Rubio’s theme was similar: “This cannot be an election about nominating someone just to be making a point. This cannot be an election about nominating someone just because they seem angrier than everybody else. We are all angry. We are frustrated, but you have to solve a problem.”

On March 1, dubbed “Super Tuesday,” 12 states will hold presidential nominating contests, with so many concentrated in the southeast — Alabama, Arkansas, Georgia, Tennessee, and Virginia — that some are calling it the SEC (Southeast Conference) Primary. At stake are 595 delegates, one-quarter of the 2,472 total delegates who will determine the winner this summer. The two vying for second place recognize that Super Tuesday could either galvanize their campaigns heading into the final stretch or end them altogether.

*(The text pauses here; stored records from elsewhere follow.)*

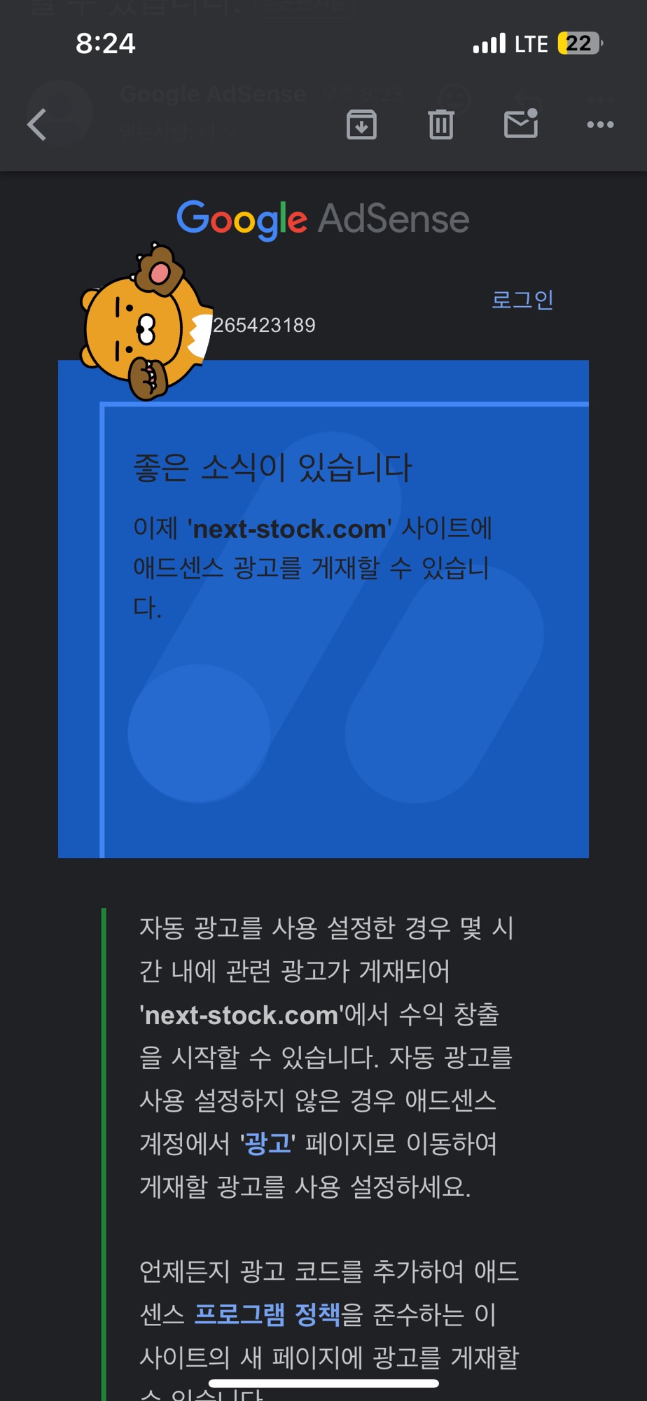 최종적으로 위의 수행과정을 통해서 일정 트레픽과 자사의 콘텐츠를 확보할 수 있었고, 최종적으로 adsense 승인을 얻어냈다.!! 다음의 목표는 월 10만원을 버는 것을 목표로 두겠다.
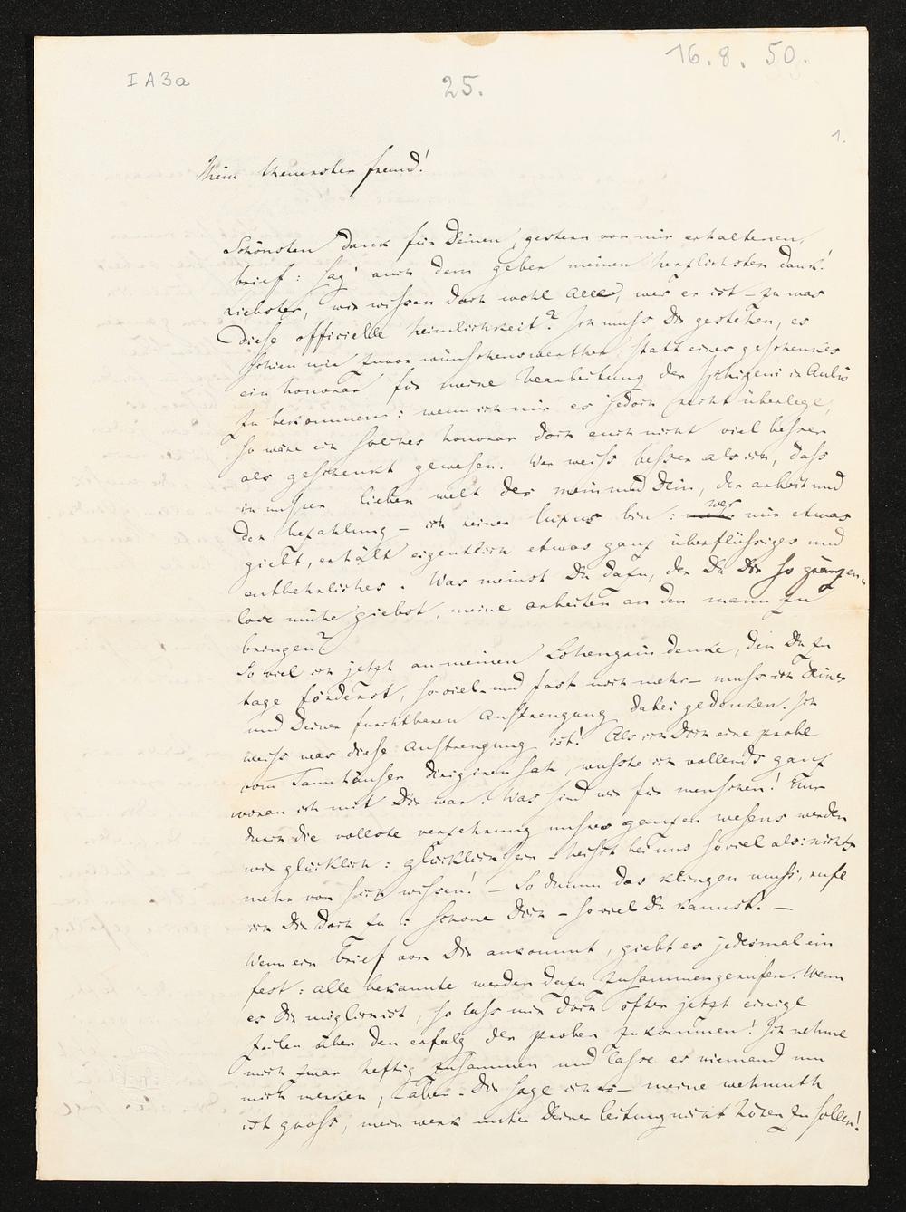eigenhändiger Brief von Richard Wagner an Franz Liszt
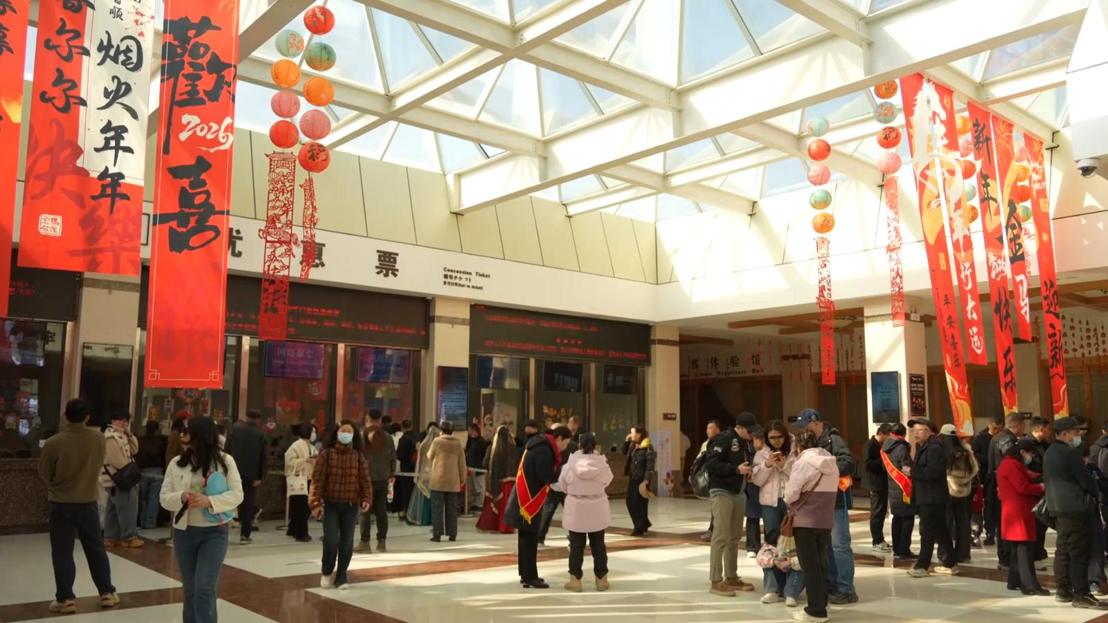 2月19日大年初三,敦煌鸣沙山月牙泉景区张灯结彩,游人众多,暖阳与欢笑交织,处处洋溢着“敦煌式中国年”的独特韵味。

At the moment, only Trump has been able to touch the hot button driving voters to the polls: anger. Anger at the establishment. Anger that their voices aren’t being heard. Anger that the establishment is deaf, dumb, and blind to the average voter. According to Real Clear Politics’ polling numbers, Trump has a substantial lead in most of those 12 states, the rare exception being Texas, where Cruz leads Trump by five points.

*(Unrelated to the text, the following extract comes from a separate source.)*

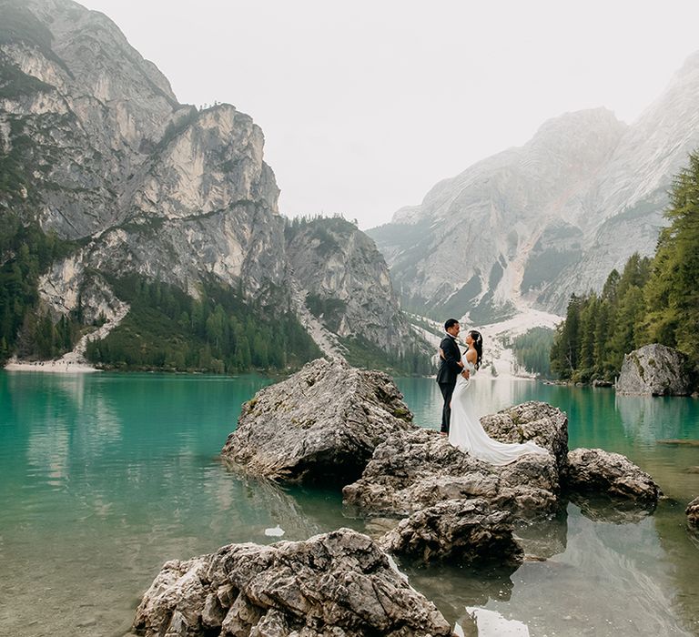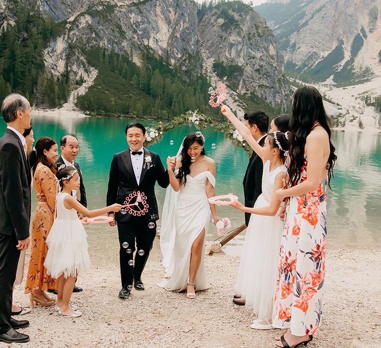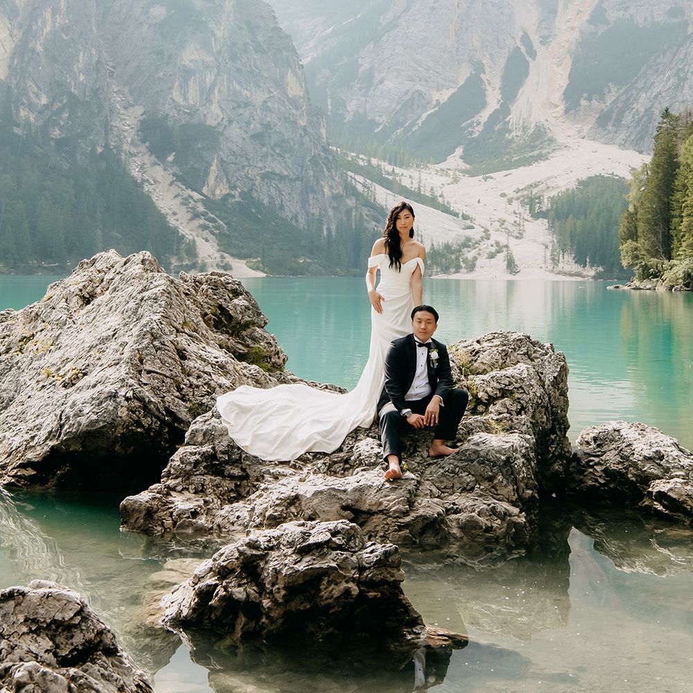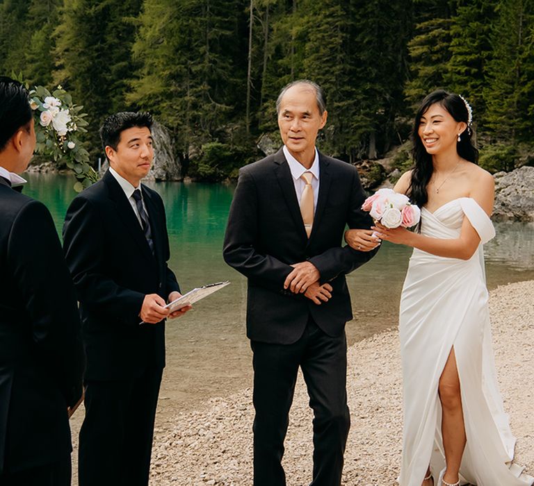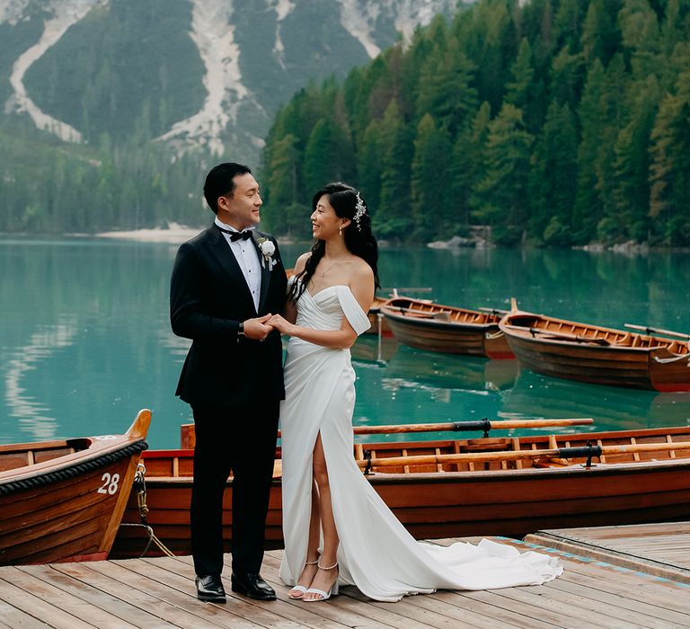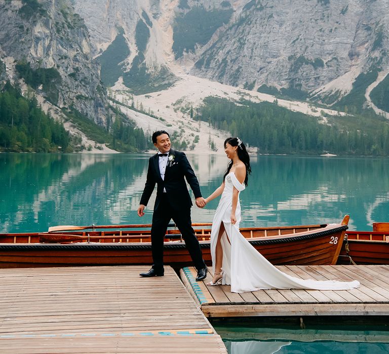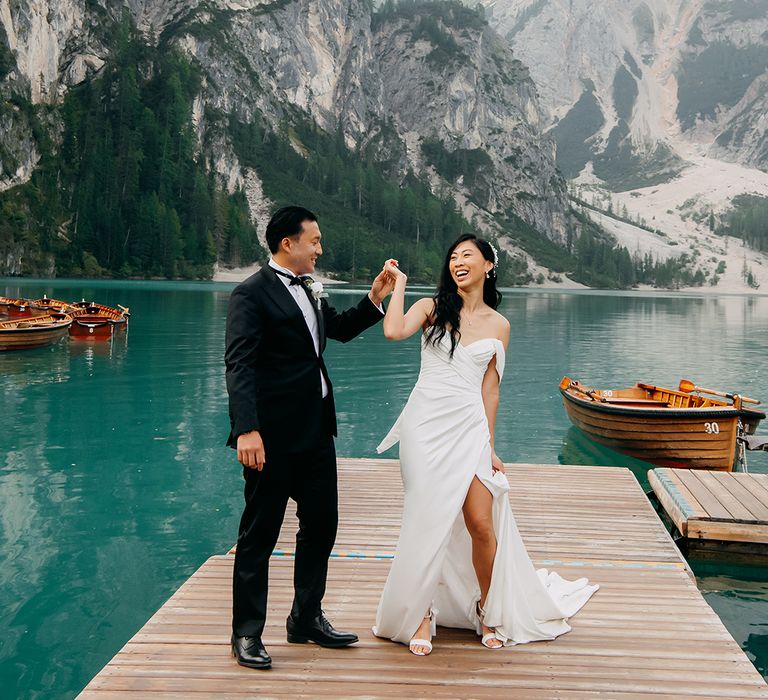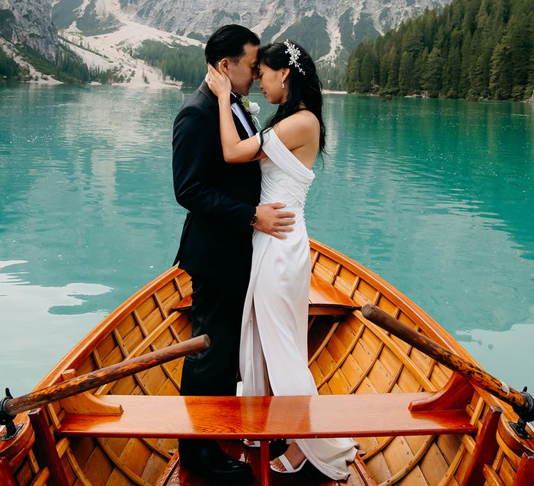 One of our favourite moments from our special day was the vow and ring exchange. Since we had rented Lago di Braies, the lake and its boat docks, the vow and ring exchange was very intimate. We were able to hear each other’s promises for a lifetime with our closest family. The bonus part was being surrounded by beautiful and surreal views.

Fran Coombs, the managing editor of Rasmussen Reports, thinks it’s all but over. In mid-June last year, just a quarter of Republicans polled thought Trump would wind up being the GOP’s nominee, with 56 percent of them predicting Jeb Bush would win. As of last Friday, nearly three out of four Republicans think Trump will become the party’s nominee, while Bush’s support has dropped to exactly zero.

Moving from “never-gonna-happen” to “how can he be stopped?” as the Washington Post expressed it, is the same question Coombs tried to answer: “The question now is whether he can be stopped … the airwaves nationwide will be filled with vicious anti-Trump Super-PAC ads, but if the past is any indication, ‘The Donald’ will ride that opposition like a surfer who’s caught the perfect wave.”

 Photo: AP Images

A graduate of an Ivy League school and a former investment advisor, Bob is a regular contributor to The New American magazine and blogs frequently at LightFromTheRight.com, primarily on economics and politics. He can be reached at [email protected]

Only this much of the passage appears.